**Data provided:**
_ _ _ _ _

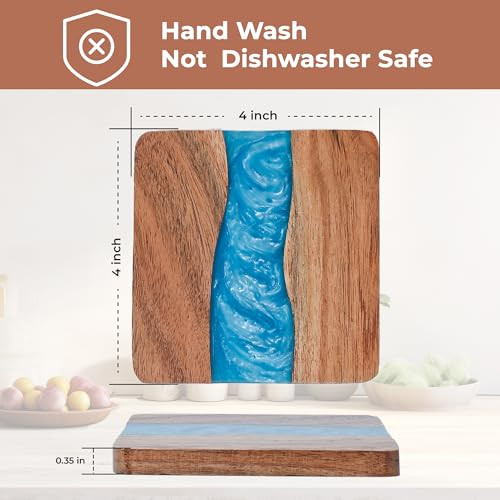 Return Policy Fast Delivery Trusted seller Wood Coasters with Resin - Set of 4 Cup Coasters with Holder - 4 x 4 Inches - Unique, Handmade, & Aesthetically Pleasing for Home, Office, Bar Decor - Modern, Rustic, Blue Coasters Product Description MODERN AND UNIQUE COASTERS: These wooden coasters for drinks are one of a kind, with a flowing resin river design that adds a touch of luxury to any coffee table or other surface that you want to protect. PERFECT GIFT: Whether for the holidays, birthday, wedding, house warming, Mother’s Day, Father’s Day, or any other occasion, the recipient is sure to love them and be mesmerized by the translucent epoxy resin design. And now you can check that person off your gift list! OPTIONAL NON-SLIP SILICONE FEET INCLUDED: The table coasters for drinks come with 16 anti-slip silicone feet that can be attached to the coasters to prevent them from sliding and scratching surfaces. HOWEVER, not all of our customers prefer the feet, so they are optional. If you would to add them, you must apply yourself. We apologize for any inconvenience, but want our customers to decide if the feet are used or not. Thank you HANDMADE WORK OF ART: Crafted with care, these wood resin decor coasters are not just functional, but visually pleg and zen-like. Each set of 4 is individually sealed to ensure a long life. PROTECT YOUR FURNITURE: Prevent rings and warping with these non-absorbent and easy to clean epoxy coasters. They're perfect for hot and cold drinks, and the size can handle any cup, glass, or bottle size at your home, office, or apartment. STYLISH COASTER SET: This coaster set with holder is made from acacia wood, and is a beautiful addition to any bar or kitchen. Plus, for every set sold, we partner with One Tree Planted to plant a tree. JUST THE RIGHT SIZE: Our drink coasters for tabletop protection measure 4” x 4” and are sealed to prevent them from absorbing liquids. They are perfectly sized for placing wine and bourbon glasses, beer pints, coffee cups, and more to help keep your table and countertops safe. REAL WOOD CRAFTMANSHIP: These coasters for wooden table are made with high-quality acacia wood and resin, creating a sleek and modern design that is both cool and peaceful. Shipping Returns Payment Shipping Shipping is FREE to all addresses other than APO/PO boxes in the lower 48 states. All our stock ships from US-based warehouses. Shipped via USPS or UPS (depending on location and package weight) Unless stated otherwise, all orders will ship within 24-72 hours of your payment being processed. Check our feedback to see the great reviews of FAST shipping we offer. Returns Seller does not accept returns Payment We currently accept payment via eBay managed payments only. Once payment is cleared, we will dispatch your shipment within 1-3 business days. Please refer to the "Shipping" tab for more information regarding shipping speed to your destination.
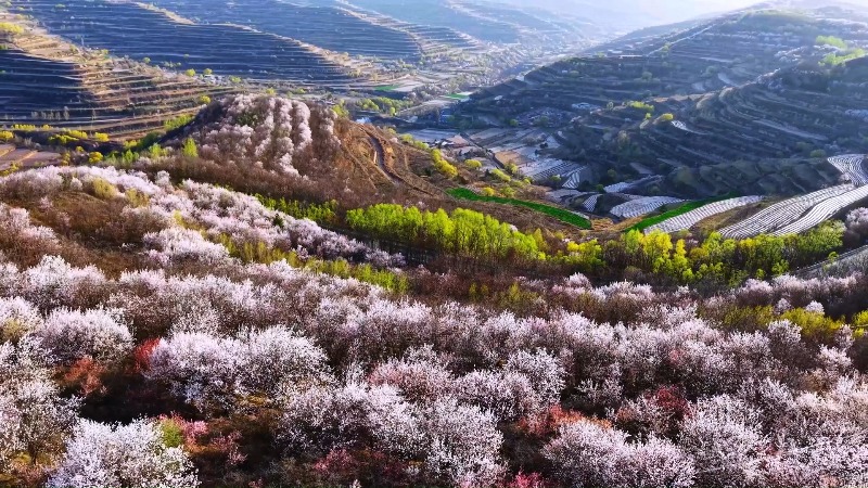 杏花“云雾”与梯田曲线“温柔相拥”
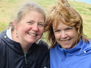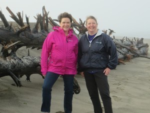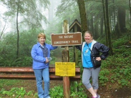 Carol Gorman and Dori Butler at trailhead of Nature Conservancy Cascade Head trail, outside Lincoln City, OR.
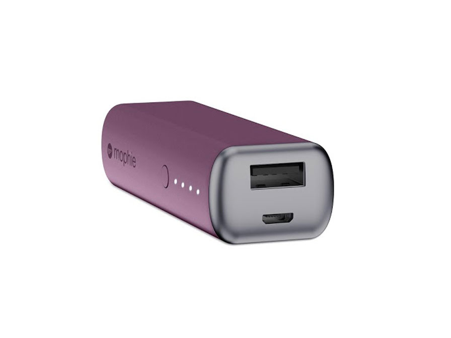 De mophie Power Reserve powerbank heeft 1 USB aansluiting met een output van 1A. LED lampjes tonen met een druk op de knop de resterende power.
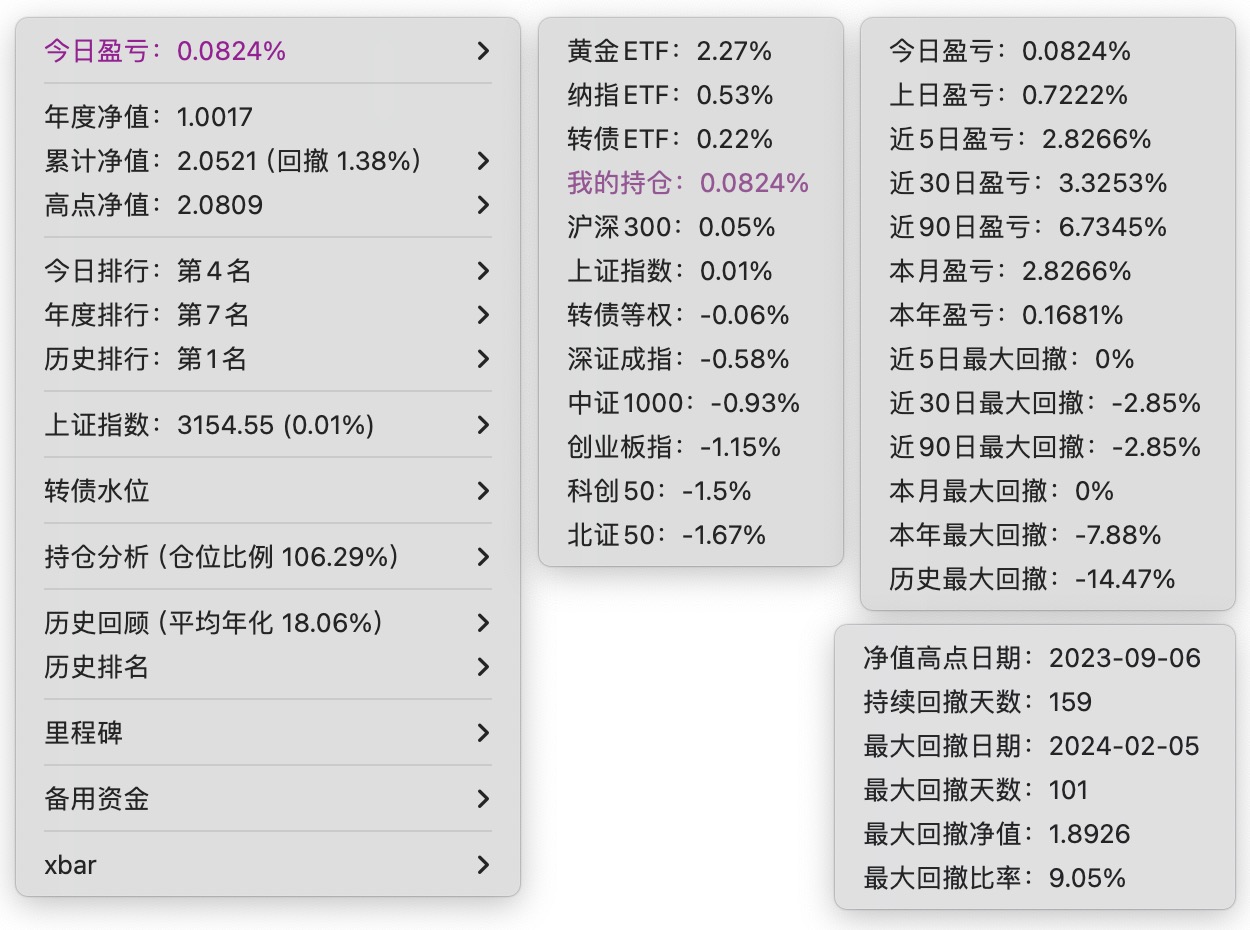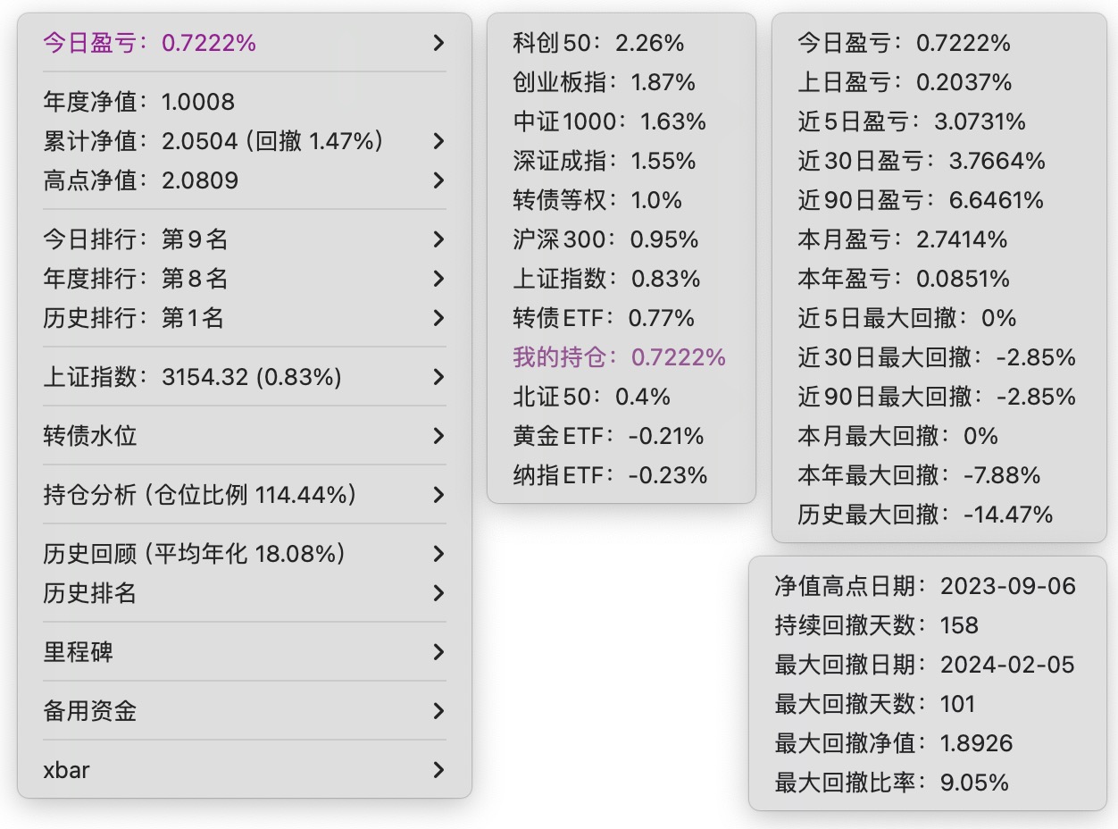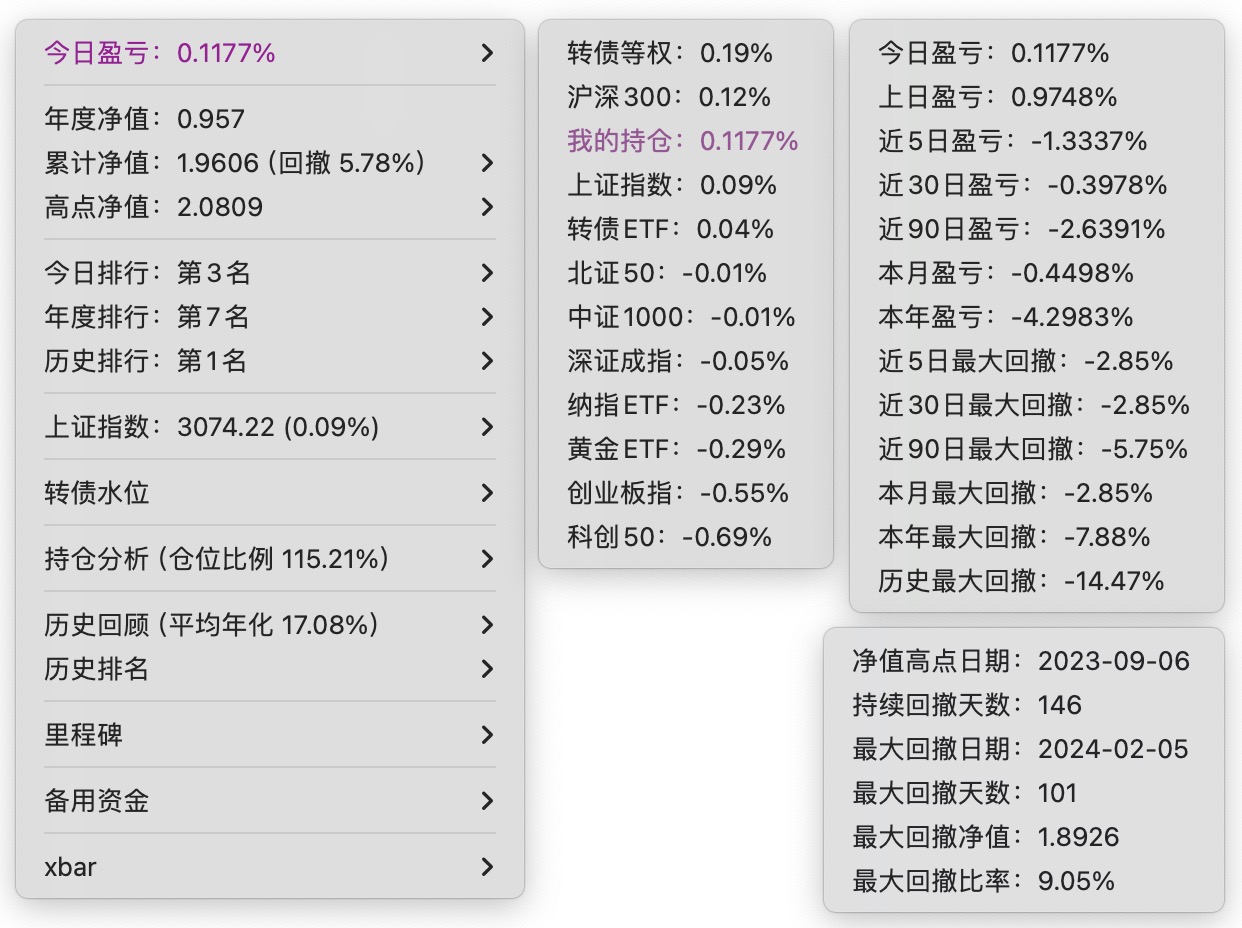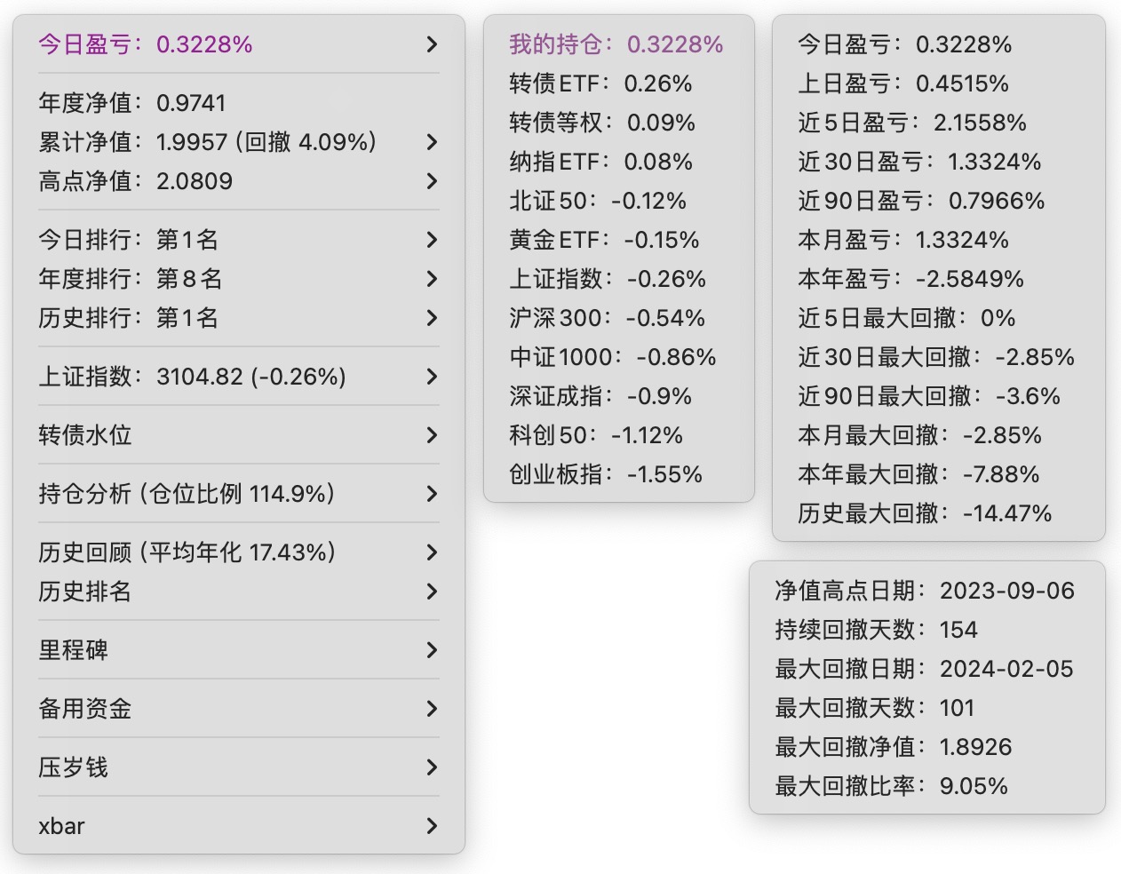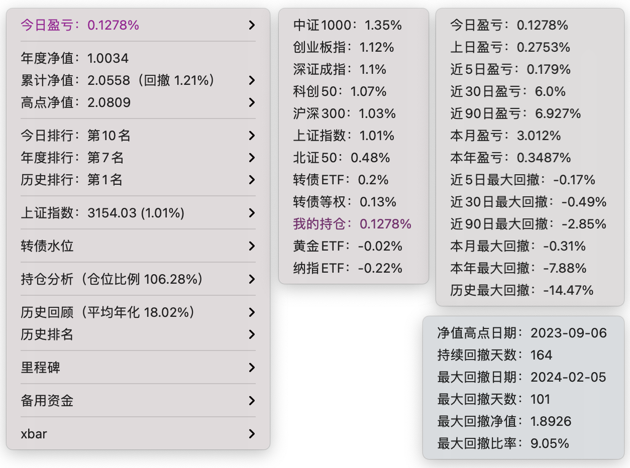 今日涨幅:0.2421%净值数据:1.0016(本年度),2.052(累计),高点回撤 -1.39%持仓数据:平均价格 108.1,平均溢价 75.4%,持仓数量:158市场数据:平均价格 121.636,平均溢价 65.6%,中位数价格 115.998(59.6%)市场成交:897亿清仓:富瀚(117.7)250张;减仓:英力(169.549)50张;建仓:富瀚(109.042)250张;加仓...楼主打地鼠的水平很高,是怎么做到的。

_ _ _ _ _

**What is being asked:** Both boundary lines included, write out word for word only the lines above from the one containing "Carol Gorman and" to the one containing "De mophie Power", leaving out any pictures.

**Answer for the task:**
 Carol Gorman and Dori Butler at trailhead of Nature Conservancy Cascade Head trail, outside Lincoln City, OR.
 De mophie Power Reserve powerbank heeft 1 USB aansluiting met een output van 1A. LED lampjes tonen met een druk op de knop de resterende power.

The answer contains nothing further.